Charge‐Induced Reversible Rearrangement of Endohedral Fullerenes: Electrochemistry of Tridysprosium Nitride Clusterfullerenes Dy 3 N@C 2 n (2 n =78, 80)

The electrochemistry of three new clusterfullerenes Dy 3 N@C 2 n (2 n =78, 80), namely two isomers of Dy 3 N@C 80  (I and II) as well as Dy 3 N@C 78  (II), have been studied systematically including their redox‐reaction mechanism. The cyclic voltammogram of Dy 3 N@C 80  (I) ( I h ) exhibits two electrochemically irreversible but chemically reversible reduction steps and one reversible oxidation step.
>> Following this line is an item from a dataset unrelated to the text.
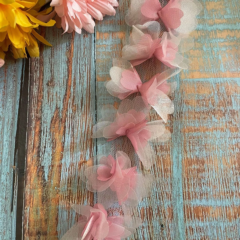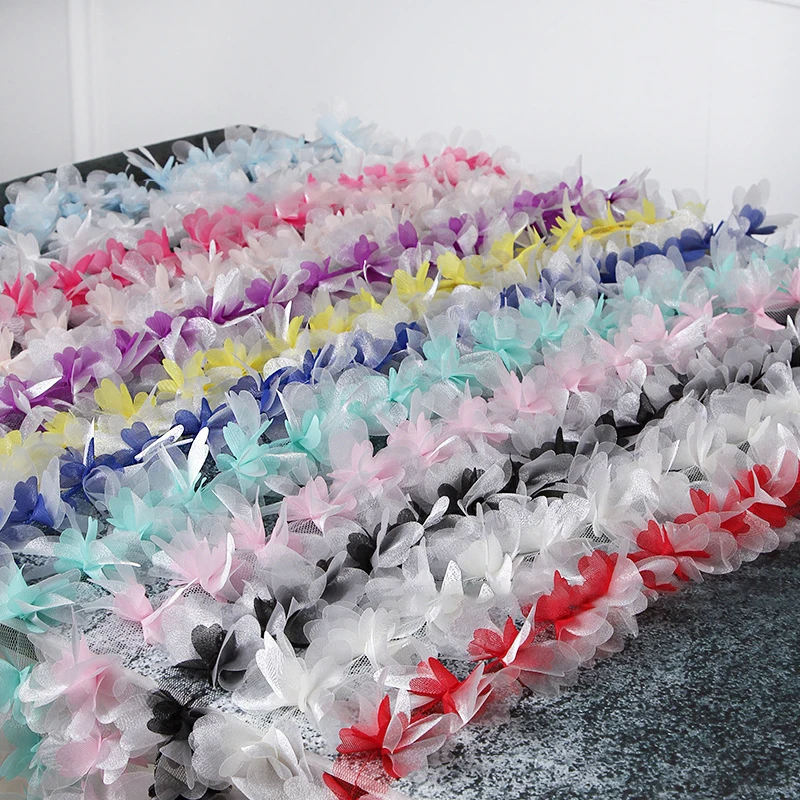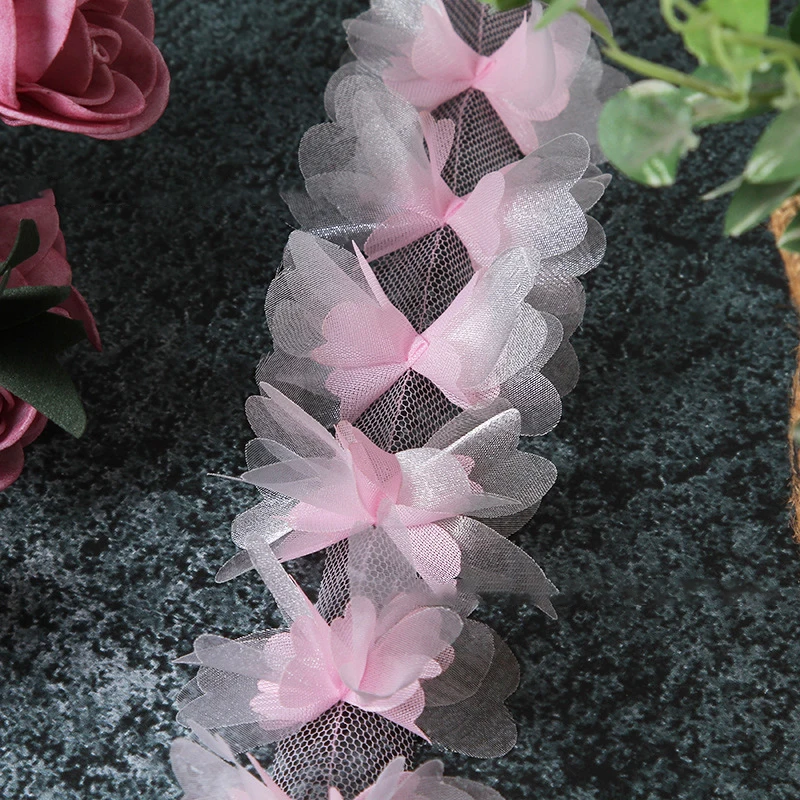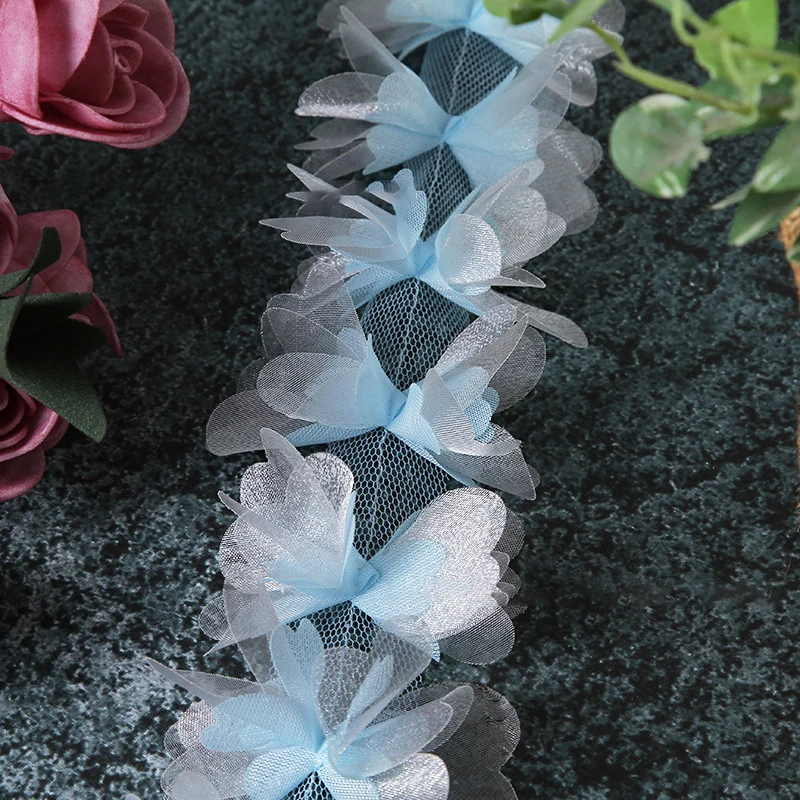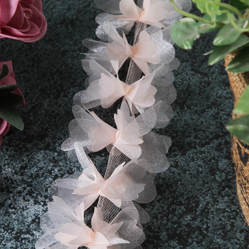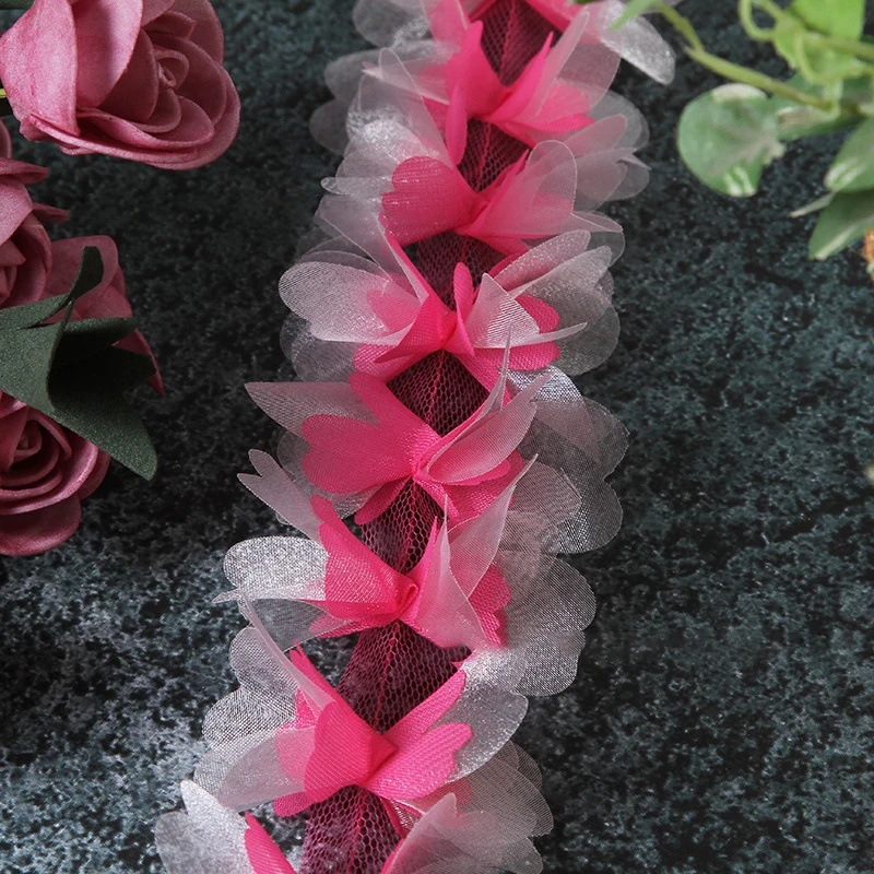 2 ярда 65 мм двухслойная блестящая пряжа шифон Цветы органза кружевная лента DIY головные уборы украшения одежды аксессуары отделка

Such a redox pattern is quite different from that of Sc 3 N@C 80  (I), and this can be understood by considering the difference in the charge transfer from the encaged cluster to the cage. A double‐square reaction scheme is proposed to explain the observed redox‐reaction behavior, which involves the charge‐induced reversible rearrangement of the Dy 3 N@C 80  (I) monoanion. The first oxidation potential of Dy 3 N@C 80  (II) ( D 5 h ) has a negative shift of 290 mV relative to that of Dy 3 N@C 80  (I) ( I h ), indicating that lowering the molecular symmetry of the clusterfullerene cage results in a prominent increase in the electron‐donating property. The first and second reduction potentials of Dy 3 N@C 78  (II) are negatively shifted relative to those of Dy 3 N@C 80  (I, II), pointing to the former's lowered electron‐accepting ability. The significant difference in the electrochemical energy gaps of Dy 3 N@C 80  (I), Dy 3 N@C 80  (II), and Dy 3 N@C 78  (II) is consistent with the difference in their optical energy gaps.